Everyone knows that Filipinos are natural foodies. From Lechon and Pancit to Bulalo and Adobong Pusit, our culture provides an extensive array of choices in the buffet department. But along this blessing of a heritage comes an inevitable curse to those who aren’t careful enough—high cholesterol.


Eating can be a fulfilling hobby, but reckless munching can increase your risk of heart attacks and heart diseases. Aside from diabetes, we’re known to be a country easily prone to high cholesterol. If you don’t already know, one can acquire this from consuming too much saturated fat found in full-fat dairy items and red meat. Other causes include not exercising enough and smoking. As we continue to age, we also become an easier target for this risk factor. 


Fortunately, it’s not all bad news. Like many illnesses and bodily dangers, there are numerous things we can do to delay, if not avoid altogether, the crippling powers of what high cholesterol can do. 


Here are three lifestyle changes you can look into to avoid high cholesterol:


Start eating healthy


We hate to break it to you, but being smart with what you eat heavily determines how your body turns out. There’s no expensive secret, no fancy shortcut, and no spell-binding solution to avoiding high cholesterol. Whether it’s wanting to lose weight or just wanting to maintain a healthy diet, being careful with what we feed ourselves is key to being fit and sharp.  

If you don’t know where and how to start, begin by avoiding saturated fats. Found in many fat dairy products and red meat, limiting your consumption of these grocery items can benefit you. If possible, get rid of trans fat, too. This kind of fat unhealthily raises cholesterol levels as well. As a matter of fact, the utilization of partially hydrogenated vegetable oils has been banned by The Food and Drug Administration effective 2021.
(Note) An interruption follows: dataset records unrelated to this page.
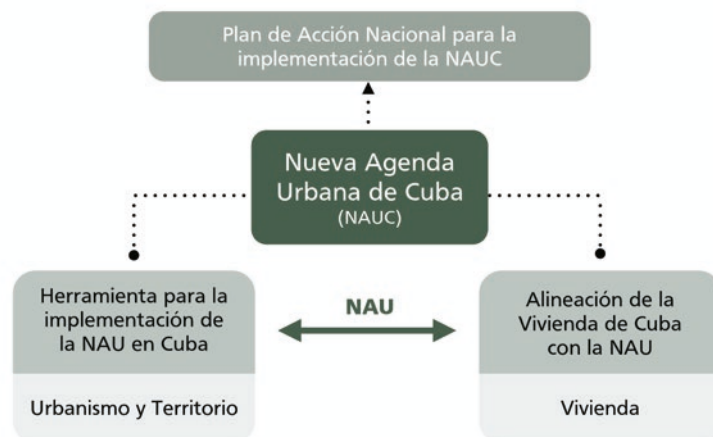
Figura 2. Relación del documento de alineación del sector vivienda en Cuba con la NAU y el PAN.

Los talleres temáticos sobre la vivienda, realizados para la elaboración del presente documento tuvieron entre sus objetivos, proponer acciones como posibles soluciones o mitigación de los problemas existentes. La metodología seguida a través de ejercicios participativos consistió en la conformación de matrices que vinculan y cruzan los pilares de la NAU con áreas fundamentales del desarrollo de la vivienda en Cuba. Este documento constituye un insumo para el Plan de Acción Nacional y la implementación de la NAU en Cuba, como puede verse en la Figura 2.
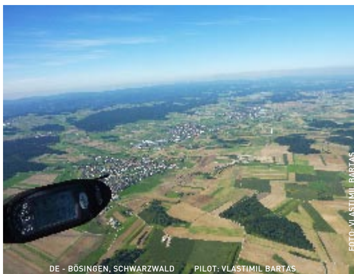
DE - BÖSINGEN, SCHWARZWALD PILOT: VLASTIMIL BARTAS
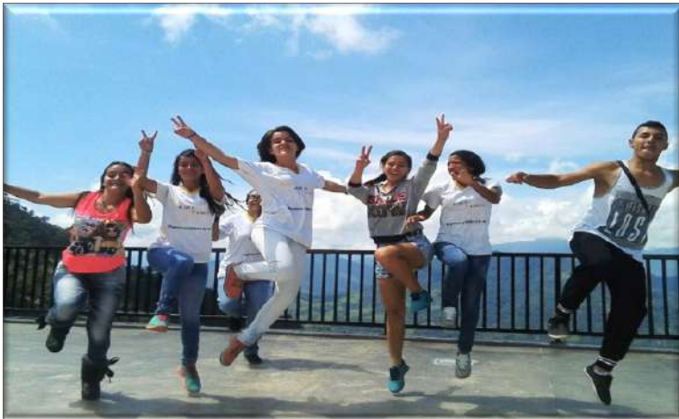
Fotografía 17. Somos constructores y constructoras de paz.

Toda nueva acción, todo nuevo comienzo, como el que planteó esta propuesta de investigación formativa, parte de entramados simbólicos ya existentes, y, sin embargo, da lugar a nuevos contenidos y sentidos; para aprehender algo, uno debe haber pensado por sí mismo, por su propio desdramatamiento. El conflicto armado y las violencias políticas, estructurales y personales han tocado la vida de este grupo de jóvenes; el proceso de comprensión de lo que ha acaecido ha demandado un proceso de autocomprensión de su presencia en el mundo y de la manera en que lo han habitado. Las diversas manifestaciones de su existencia, sus experiencias de vida, las tramas de sentidos y significados en los que están inmersos, su pasado y sus visiones del presente y del futuro son sometidos a procesos de resignificación propios de la comprensión, y esta, partiendo del mundo propio, traspasa sus límites, para instalarse en un mundo con otros y otras. Esto es lo que ha acontecido en la subjetividad de los/as jóvenes. La expresión “ya no somos los mismos”, así nos lo revela. Su participación en esta experiencia introdujo algo nuevo y creativo en sus vidas, y tenemos la esperanza que sus trayectorias de vida así lo revelen. Ideas como estas sustentan la importancia de modelos como el de la Etno-
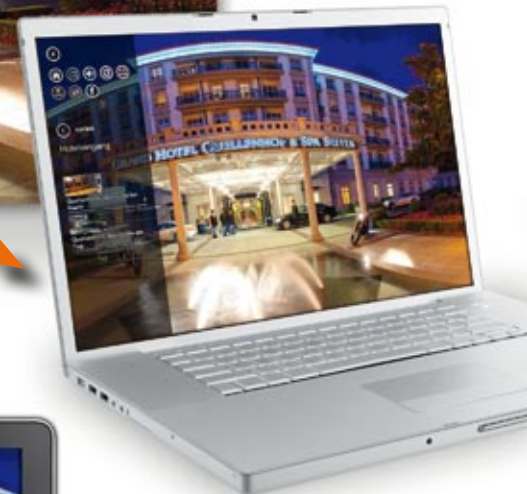
Laptop / PC
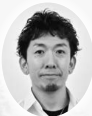
岡崎支部 ゴット イズム

Increase physical movement as much as possible


There is no substitute for exercising. You see, working out improves cholesterol. Healthy physical activity improves “good cholesterol” also known as high-density lipoprotein (HDL). If possible, work out on most days of the week. Similar to eating healthy, being able to stretch and move your body is also a determining factor in achieving flexibility and sharpness of the mind. 


Stop smoking


This can be a painful one to many of our smoker friends. But if you want to take care of your overall health, the need to quit smoking is one that also prevents high cholesterol. Not only does it improves your lungs, but it also betters your HDL cholesterol level. 


Here’s a fun fact: when you stop smoking, your heart rate and blood pressure recover from tobacco-induced spike. You also lessen your once very high chances of getting a heart disease.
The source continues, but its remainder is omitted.